At the age of 72, with a half-century of journalism behind him, Peter Hitchens is, fortunately, not yet finished. He sees all his books as one large book. “I have tried to get my publisher to put it all in one volume called The Obituary of Britain, but so far I haven’t persuaded them,” he told me. “It would be enormous, but others get away with it, so why shouldn’t I? A kind reader once did put them all together in one big black volume with The Obituary of Britain written on it, but it is the only existing one.” The next installment he’s hoping to write is tentatively titled The Madness of Cars. Aside from taxis, tanks, police cruisers, and fire engines, Hitchens believes that “civilization took a serious wrong turn” when it adopted cars en masse and that we should largely return to trams and trains. “I hate motorcars,” he observed.
The column that best encapsulates the consistency running through the Hitchens corpus is, in my view, “The making of a reactionary,” published at UnHerd, in which Hitchens describes his worldview.
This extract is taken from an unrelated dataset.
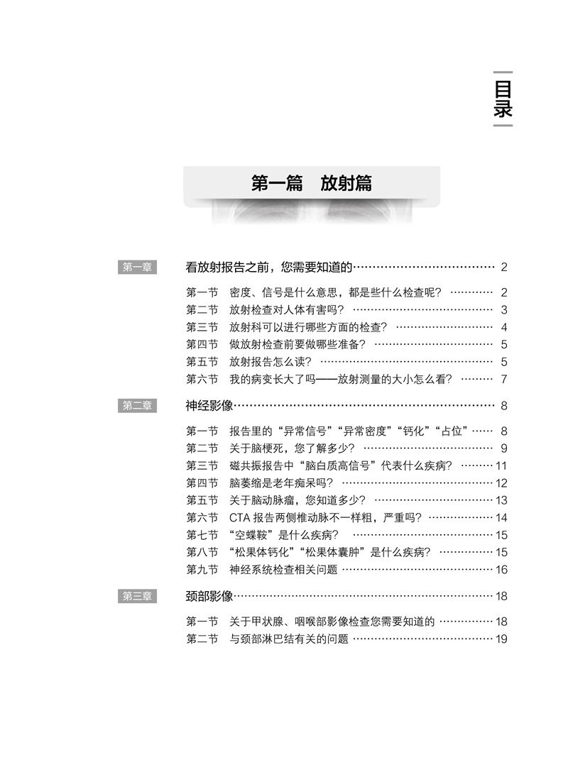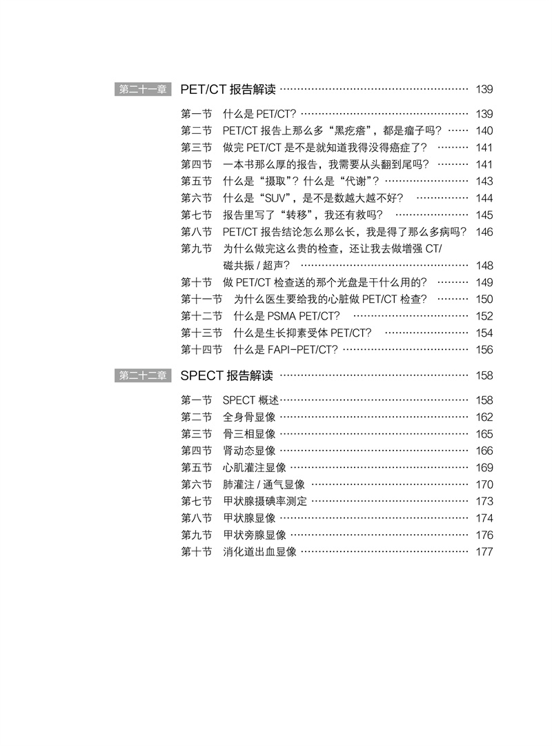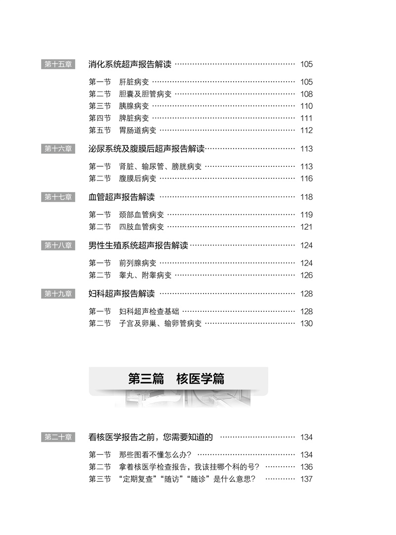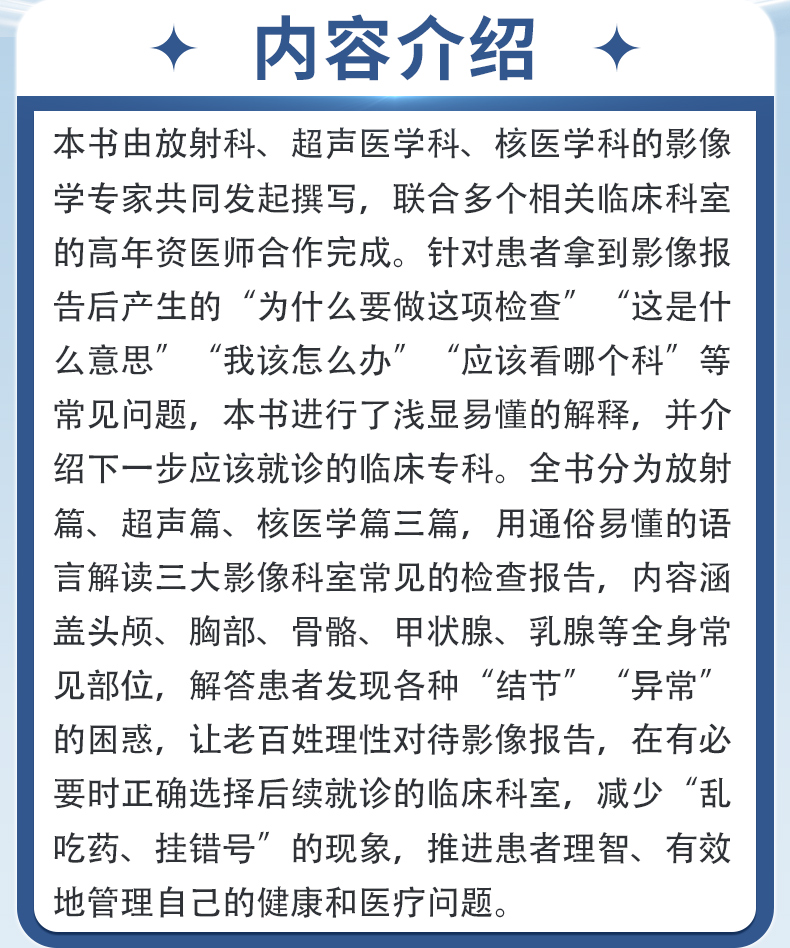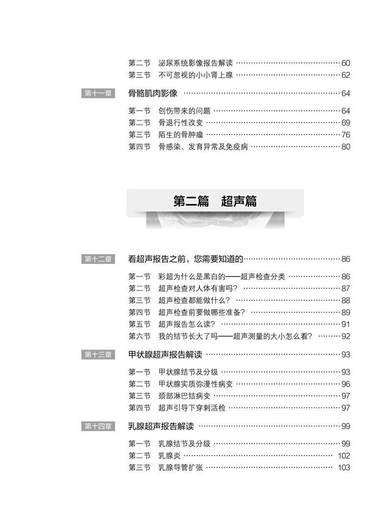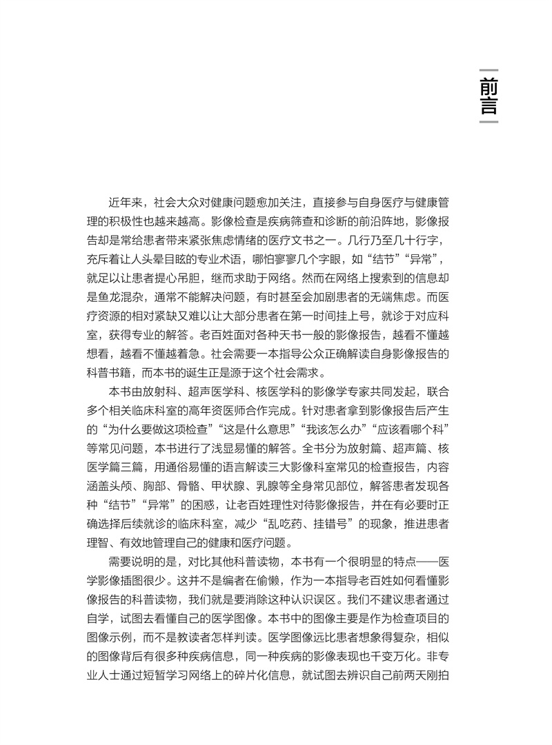 本书由放射科、超声医学科、核医学科的影像学专家共同发起撰写,联合多个相关临床科室的高年资医师合作完成。针对患者拿到影像报告后产生的“为什么要做这项检查”“这是什么意思”“我该怎么办”“应该看哪个科”等常见问题,本书进行了浅显易懂的解释,并介绍下一步应该就诊的临床专科。全书分为放射篇、超声篇、核医学篇三篇,用通俗易懂的语言解读三大影像科室常见的检查报告,内容涵盖头颅、胸部、骨骼、甲状腺、乳腺等全身常见部位,解答患者发现各种“结节”“异常”的困惑,让老百姓理性对待影像报告,在有必要时正确选择后续就诊的临床科室,减少“乱吃药、挂错号”的现象,推进患者理智、有效地管理自己的健康和医疗问题。

It is not political, he writes, so much as based on his “immovable love of certain, unchanging things” that he has always known “very deep down as essential and desirable.” He ends by noting that his youth, marked by austerity and severity but also by the great history of the British Isles, the poetry of Tennyson and Newbolt, and “the chilly beauty of the choir at evensong, the potent silence of a cathedral holding its breath between prayers,” likely ruined him for modernity. He concludes:
Someone should have taken me in hand, I suppose, and given me a normal modern upbringing, all about shiny new hospitals, equality, and the United Nations. But they came too late. I had already heard the distant trumpet call of a much more seductive, much older world view. And I am glad of that. I wouldn’t have missed any of it, and if now I can laugh cheerfully at the absurdities of our politics, tiny figures scuttling through cavernous halls built for much greater men, it is because for a few short, dreamy years I was given a glimpse of a lost past, just before it vanished forever. And from then on I knew what I liked.
For thousands of young conservatives who were born after that era ended, Peter Hitchens has served as a guide who helps us understand why we, too, dislike so much of modernity. He reminds us that it was not always this way, and that saying so matters. We cannot return to the past, he often observes, but we are always in the process of choosing the future—and thus we do not have to make the choices we are making. For that reason, despite his protestations, Hitchens’s writing does make a difference. Because while reading him, many have discovered a heritage largely abandoned before we were born—and have realized what we were missing. Now, many of us know what we like, too.